Patients profiled by the Star said no one volunteered to them that they were infected at the clinic — not the Rothbart clinic, not James, not Toronto Public Health (TPH), which investigated the outbreak, and not the College of Physicians and Surgeons of Ontario (CPSO), which has regulatory oversight of such clinics, known as “out-of-hospital” premises.
The TPH investigation included an infection-control audit, done in conjunction with Public Health Ontario. It found 170 deficiencies, including improperly sterilized equipment. TPH has never made the results of its investigation public.
But there is no mention on the CPSO website that there was an outbreak, that there were infection-control breaches or that people were made ill.
Gelinas said she is “really, really worried” that the province is moving services out of hospitals and into clinics that do not have the same level of oversight and accountability.
Health Minister Eric Hoskins said in a written statement that improving transparency in the health system is a top priority. He noted that the CPSO last year amended a bylaw allowing details of inspection outcomes to be posted on its website.
“With this bylaw, the CPSO has the tools to ensure that the public is well informed about the results of CPSO inspections,” he said.

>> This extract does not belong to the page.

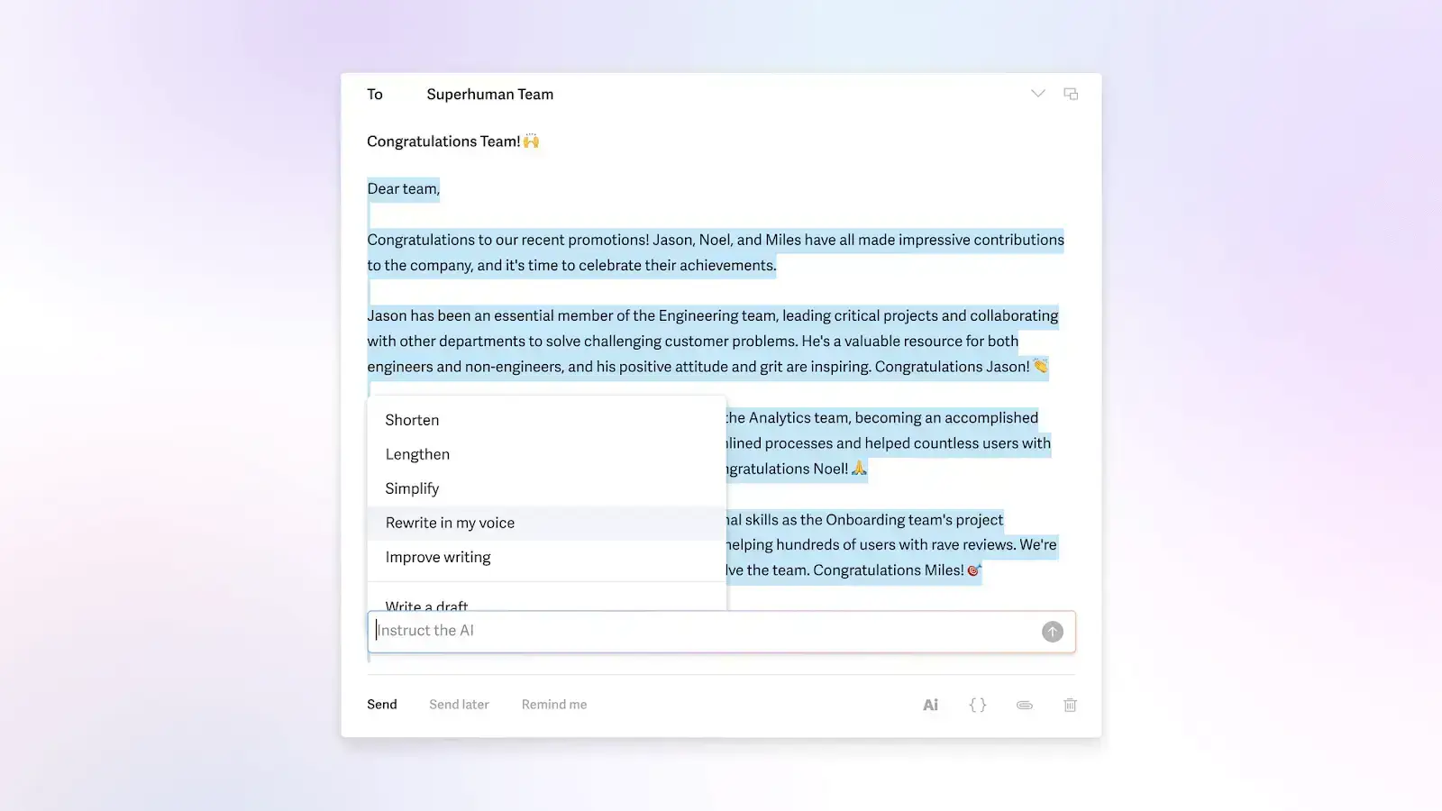 Compatible with both Gmail and Outlook, Superhuman integrates smoothly to help teams accelerate their pace, respond more quickly, and reduce overall stress.

“Ontarians have my commitment that we will work with our partners, including the CPSO, Public Health Ontario and our local public health units, to identify new ways that we can make information available to patients and improve the transparency of our system,” Hoskins added.
Kacho only learned on Saturday evening that her meningitis was linked to her treatment at the clinic. That’s when she said she got a “shocking” phone call from a TPH official.
TPH has been trying to reach the nine patients infected during the outbreak since Friday, the day before the Star article appeared.
“We are in the process of contacting these individuals as a courtesy and to ensure transparency. Our goal is to ensure that patients were aware that an investigation that they were part of was likely going to be profiled by a media outlet,” TPH spokesperson Lenore Bromley said.
TPH earlier this month told the Star that the infected patients had been contacted during the outbreak, at which time they were informed of the investigation into the clinic and told there had been breaches in infection control. But Bromley last week corrected that information, saying a review of how the outbreak was handled revealed not all patients had been given that information.